Durante 18 días que el pueblo de Egipto estuvo plantado en la gran Plaza de la Liberación y manifestándose en las calles de El Cairo, Alejandría, Suez y otras ciudades del país, alrededor de 300 personas fueron asesinadas y más de 5 mil heridas por las criminales fuerzas represivas, hasta que el dictador fue obligado a dejar el poder.

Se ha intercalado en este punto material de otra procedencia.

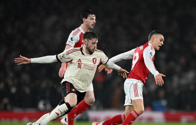 比赛进入30分钟之后,场面基本被阿森纳控制,射门次数也是增多。第36分钟,特罗萨德禁区内晃开角度一脚打门稍稍偏出。第44分钟,阿森纳传中被解围出去,赖斯弧顶一脚射门被门将阿利松没收。

Aguantó menos Mubarak que el dictador de Túnez, Ben Alí, quien cayó después de un mes de revueltas populares que dejaron 234 muertos y 510 heridos. Sin duda que a la caída de Mubarak ayudó mucho la fuerte presión democrática internacional y fue determinante la actitud del Ejército de Egipto, que en el comienzo de la sublevación popular pacífica adoptó una actitud neutral y luego declaró su comprensión de la justa demanda del pueblo. Y no lo reprimió, como sí lo hicieron la policía, la seguridad del Estado y las turbas oficialistas.

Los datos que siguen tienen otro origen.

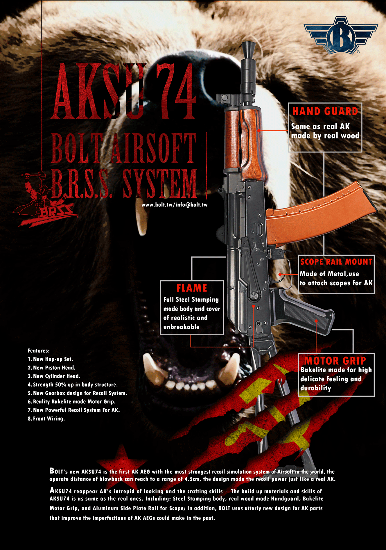Według producenta, replika ta ma posiadać najmocniejszy system odrzutu ze wszystkich replik AK wyposażonych w EBB. Ma on powodować, że ta w trakcie strzału bez podparcia, ma się przesuwać do tyłu nawet o 4,5 cm.

Todavía el jueves por la noche, Mubarak aseguró que no iba a renunciar. Ante eso, los escenarios más probables que quedaban eran, según los observadores, uno, que los mandos militares se decidieran a forzar la caída de Mubarak, o que una parte del Ejército encabezada por oficiales jóvenes y de media generación que fueron educados en los países democráticos de Occidente, depusieran al dictador. Dos, que Mubarak por fin reflexionara y dejara voluntariamente el poder. Y tres, que el desborde de las manifestaciones populares por el empecinamiento de Mubarak de no entregar el poder, provocara una situación que desembocara en un baño de sangre y en la derrota de la república de Tahrir, igual que ocurrió en 1989 en la plaza de Tiananmen de Pekín, la capital del imperio comunista chino.
Afortunadamente, Mubarak fue obligado a renunciar al poder, y aunque ahora queda por resolver complejos problemas para allanar el camino hacia la libertad y la democracia auténtica en Egipto, la caída del dictador es un glorioso y merecido triunfo del pueblo egipcio, de la república de Tahrir.

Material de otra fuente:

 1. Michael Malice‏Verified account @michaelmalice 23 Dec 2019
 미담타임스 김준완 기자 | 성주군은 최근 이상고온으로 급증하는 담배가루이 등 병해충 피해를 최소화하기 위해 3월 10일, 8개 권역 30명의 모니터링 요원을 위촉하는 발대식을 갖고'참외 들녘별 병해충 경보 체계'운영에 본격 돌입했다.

La obstinación de Hosni Mubarak en aferrarse al poder, a pesar de la abrumadora repulsa popular y de que estaba arriesgando la seguridad no sólo de Egipto sino de toda la explosiva región del Oriente Medio, hacía recordar el empecinamiento también por mantenerse en el poder, del dictador Anastasio Somoza Debayle en 1978 y 1979. Es que, como hemos dicho en otra ocasión, Egipto y Nicaragua son países muy diferentes en muchos aspectos, pero al mismo tiempo bastante parecidos, porque al fin y al cabo los dictadores son iguales en todas partes del mundo (llámense Mubarak, Somoza u Ortega) y los valores y principios de la libertad, la justicia, la democracia y los derechos humanos, son comunes a todos los pueblos, sea el egipcio o el nicaragüense.
Toda la sangre, el sufrimiento humano, la destrucción material, el retroceso económico del país y el surgimiento o imposición de una nueva dictadura, la cual en muchos aspectos fue peor que la anterior y cuyas consecuencias estamos sufriendo hasta ahora, se habrían evitado si el general Somoza Debayle se hubiera ido voluntariamente del poder y del país, ya fuera por renuncia al cargo o como resultado de un plebiscito vinculante, que él rechazó cuando todo el pueblo y la comunidad internacional se lo exigían. Y así se perdió una gran oportunidad de abrir el camino a la democracia, en vez de caer en el totalitarismo como ocurrió por su irracional empeño de seguir en el poder.
Los dictadores son así, salvo raras excepciones. Por lo general se resisten a abandonar el poder hasta que arrastran al país a una vorágine de violencia y de sangre humana, que los ahoga a ellos pero causa grandes dolores y daños a la gente que sólo quiere vivir en libertad y gobernarse en democracia."